Looking back on the perspective from 1994, it seems as though cold fusion research lost significant momentum in the latter half of the last decade, though a revival now seems possible. In 1994, the research initiatives funded by the Electric Power Research Institute (EPRI) in the U.S. and the Ministry of International Trade and Industry (MITI) in Japan inspired strong optimism. By the mid-1990's however, these programs folded, for what appeared to be a lack of significant progress.
The Journal of Electroanalytical Chemistry and the journal Fusion Technology, which had previously been willing to accept cold fusion papers both had a change in policy and stopped accepting cold fusion papers. Few journals have taken their place. The Japanese Journal of Applied Physics has been a notable exception.
The predictions in Mallove and Rothwell's article seemed realistic at the time, based on the progress they saw. With the solid but slow progress in 1994, they could not have foreseen, or imagined the cessation of funding and the closing doors of more journals. Alas, 2000 has come and gone, without the predicted cold-fusion powered automobile.
The hot fusion prediction was wrong also. As Mallove and Rothwell reported, that industry was predicting to begin operation of the tokamak to end all tokamaks, the International Thermonuclear Experimental Reactor (ITER) by 2005. Ground has not even broken.
Despite the optimism of cold fusion proponents and despite the cynical pessimism of others, cold fusion research has held its ground, and even gained a bit. The facts of cold fusion science have remained the same. Helium has persistently appeared as the dominant by-product. Neutrons have been observed, but at very low levels. The remaining observations of this nuclear reaction still demonstrate an effect that appears to be environmentally friendly and safe for humans. And yes, it still does sound too good to be true. However, the facts are readily available for sincere skeptics. Several books and reports by Beaudette, Krivit & Winocur and Rothwell have been published in recent years which attest to these facts.

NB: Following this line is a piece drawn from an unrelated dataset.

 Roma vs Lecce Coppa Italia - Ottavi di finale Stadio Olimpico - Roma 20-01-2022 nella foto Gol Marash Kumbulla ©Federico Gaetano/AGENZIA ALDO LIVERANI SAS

In 2004, the U.S. Department of Energy decided to take a second look at cold fusion. Unlike the authors of recent books on this subject, the official conclusion of the DoE review stated was that there was nothing new in the field since 1989. In the very same document, it was shown that about a third of the review panel members agreed there are anomalous effects, and half of the reviewers found the evidence for excess power compelling. The conclusion written by the DoE does not match the general perceptions of the reviewers and it remains somewhat of a mystery as to why the DoE even bothered to perform this review in the first place.
Regardless, despite the fact that the DOE has not decided to fund cold fusion research at the moment, reports from qualified sources indicate that the review has brought significant attention from private industry and investors to the field. While no details have been made available, rumors indicate that private industry has decided to take a bet on cold fusion, while the DOE remains on the sidelines.

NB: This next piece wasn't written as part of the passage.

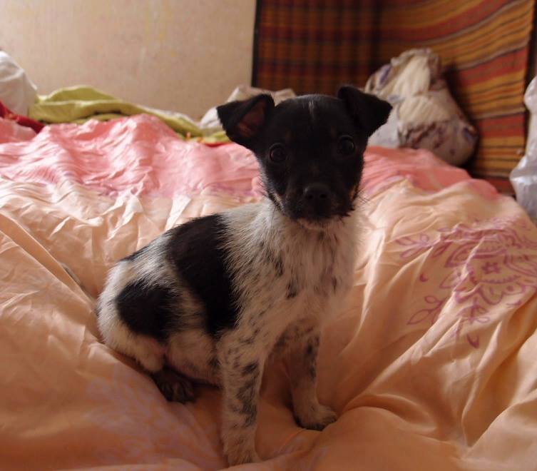 Tato štěňátka někdo odložil za dveře veterinární kliniky v krabici. Toto štěňátko hledá již nový domov, je to kříženec, v dospělosti odhadem kolem 10 kg váhy, přesně se určit nedá. Je aktivní, hravé, veselé, vhodnější k baráčku, k dalšímu psovi, zkušenému aktivnímu člověku, který ho zaměstná, bude s ním provozovat nějaký sport a zabaví ho, aby se necítilo osaměle. Jinak mazlík, už zvyklí na lidský kontakt, ale vše ostatní se musí ještě naučit. Teď má teprve dokončenou veterinární péči, bylo strašně hubené , zablešené, začervené a evidentně z prostředí, kde se o štěňata nikdo hezky nestaral. Teď už je v pořádku

Recent credibility and recognition in the field likely is due, in part, to the innovative work in Japan. Yasuhiro Iwamura of Mitsubishi Heavy Industries designed a flawless experiment that demonstrated 100% reproducibility. His experiment was replicated with a series of experiments at Osaka University - also achieving 100% reproducibility.

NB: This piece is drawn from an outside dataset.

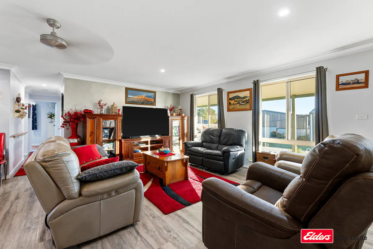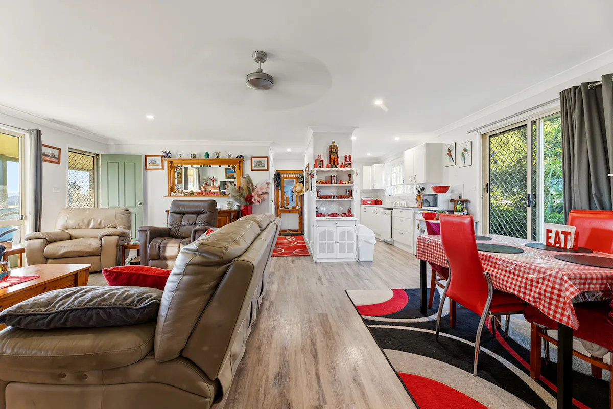 The light-filled open-plan layout seamlessly combines the kitchen, dining, and lounge areas, creating a welcoming central hub for everyday living and entertaining with reverse cycle air conditioning for year-round comfort. The living area flows effortlessly to the outdoor alfresco patio, providing the perfect space to relax or host gatherings while taking in the peaceful surrounds.

The future of cold fusion is still clearly uncertain and any new predictions would most likely turn out wrong. The only prediction that is reasonable is that the window of opportunity for cold fusion will close within the next decade or two. With rare exceptions, like the relatively youthful Iwamura, the most experienced cold fusion researchers are in the later years of their life.
Many of those who started on cold fusion research in 1989 did so because they had the freedom of retirement, the wisdom of years, and the array of skills that only comes with decades of experience in science.
Their knowledge, so far, has not been widely passed down to younger generations of future scientists. Whatever inevitable circumstances arise, be they time and nature, or acts of man, society will be losing many pioneering scientists in the coming decades. The only question that remains is whether they will have the time and the opportunity to extract the secrets of cold fusion.
Cold fusion, 1994: What's it all about?
But cold fusion is far from dead. It is alive not only in dozens of laboratories in the United States, but in numerous foreign research centers, particularly in Japan.
Here are the basic facts about cold fusion as they stand in early 1994. For continuing monthly coverage of this rapidly expanding field, consider subscribing to this magazine, which every month will provide information unobtainable eslewhere, plus summaries of what is being reported worldwide in the technical journals.
Scientists the world over have spent more than four decades and billions of dollars (an estimated $15 billion in the U.S. alone) to investigate the possibility of mimicking with devices here on Earth the fusion reactions of the stars. These are complex and large machines that rely on high magnetic fields or powerful lasers to compress and heat fusion fuel --- typically the isotopes of hydrogen, deuterium and tritium.
The controlled hot fusion program has made enormous strides, but all agree that the earliest possible time when practical hot fusion devices may be available is about three decades away. Hot fusion is a very tough engineering problem. Many engineers --- even those favorable to hot fusion --- suggest that the "tokamak" reactor approach being followed by the U.S. Department of Energy will never result in commercially viable technology.
The U.S. hot fusioneers and their international collaborators now want to build a big, complex test reactor called ITER (International Thermonuclear Experimental Reactor), which might begin to operate in 2005. A commercial hot fusion power plant would not be on-line until at least 2040. The annual budget for hot fusion research in the U.S. regularly exceeds $500 million, and they now seek increased funding for ITER.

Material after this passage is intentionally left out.